人はやけにあっさり、この世にバイバイするものだ。ついこの間の参院選で奥さんの、若尾文子さんとともに選挙運動をしていた黒川紀章氏が亡くなった。

唐突に東京都知事選に出たときから、不思議だった。長年の盟友、石原都知事の対抗馬として、明らかに勝ち目のない戦いに打って出た。

そして、続けざまの参院選出馬。若尾さんとともに。いや、若尾さんに見守られて、と言ったほうがいいかもしれない。

彼自身が創り出し、いまや普通に使われるようになった「共生」という言葉。その意味するところに未来を託し「共生新党」を旗揚げした。この間、建築家としての仕事も精一杯こなし、命を削り続けた。

ひよっとしたら、近いうちに寿命が尽きるのを覚悟していたのでは。ぼくはそんな思いにとらわれている。

あれだけの名建築を世に残し、いまも世界的に活躍を続け、ふつうなら往年の人気女優だった妻とともにに優雅に余生を過ごすことのできる人だった。

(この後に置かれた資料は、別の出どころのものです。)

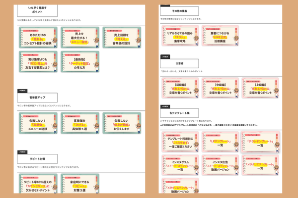 メンバー専用の会員サイトをご用意。「集客・リピート・単価アップ・開業・AI活用」など、現在のサロン経営に必要な知識を体系的に学べます。
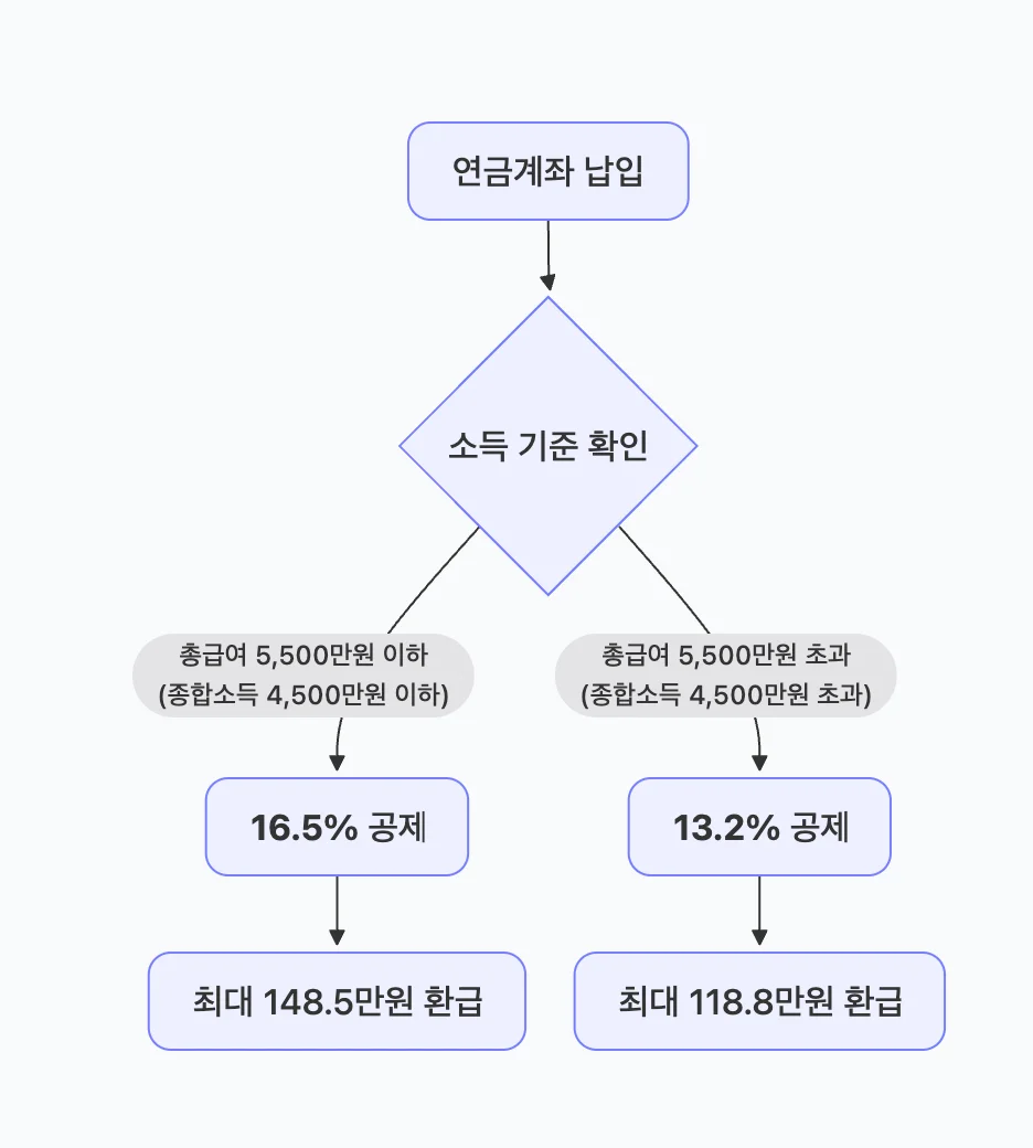 16.5% 적용 시: 900만 원 납입 시 최대 148만 5천 원 환급
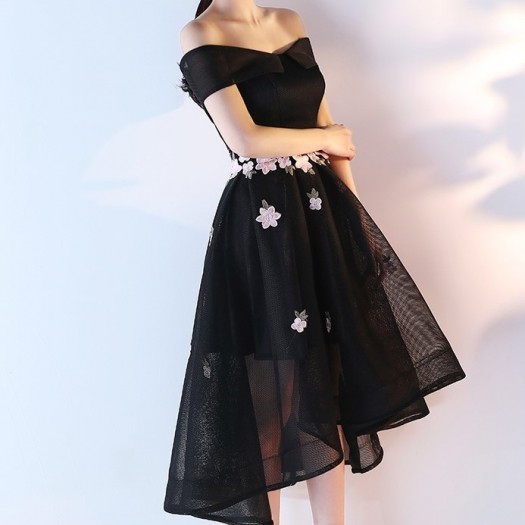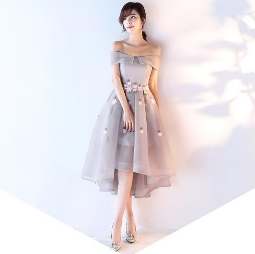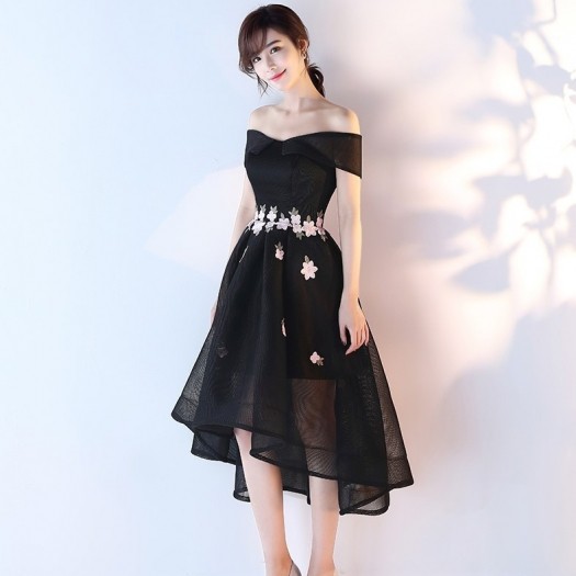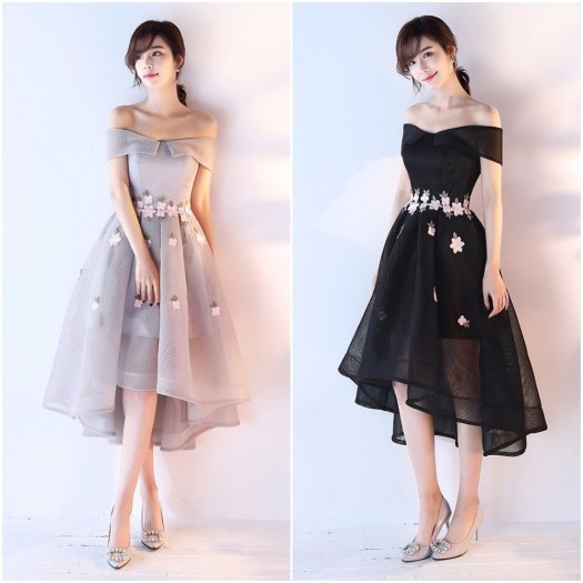 パーティードレス ミモレ丈 ワンピース オフショルダー フラワーモチーフ 刺繍 フィッシュテール 透け感 エレガント 上品 お呼ばれ drgz2683

比類なき才能とインテリジェンスに恵まれ尊敬を集める大建築家が、なにも過酷な選挙運動をし、まるでピエロのようにテレビの画面でふるまわなくてもよかったはずだ。

人知れず、彼は悩んでいたのではなかったか。あるいは、夫婦だけが知っている病との闘いがあったかもしれない。そして男として、「いつかは」と夢に描いていたことを、最後にやってみたかったのかもしれない。

参院選では、豪華クルーザーを夢の島マリーナから走らせた。はるかかなたの客船に向かい「観音様!」と叫んで、両手をグルグルまわした。

潮風に吹かれセンチメンタルな表情ものぞかせた。東京湾をながめ渡し「今回は奥さんと一緒だから心強いね」とつぶやいた。

夜の有楽町で、多くの聴衆を前に「私は、日本の文化と芸術を伝える若尾文子という人間にひかれています」と選挙とは関係のない“迷演説”をしてみせた。

妻への愛の告白のつもりであったのかもしれない…と、ここまで書いたところで、若尾さんの談話が入ってきた。病院のベッドでの二人の最後の会話である。

「私、いい奥さんじゃなかったわよね」
「そんなことない。そんなことない。本当に好きだった」

見当違いかもしれないが黒川紀章は二つの選挙を通じ、ある種の「自殺」をしたのだと思う。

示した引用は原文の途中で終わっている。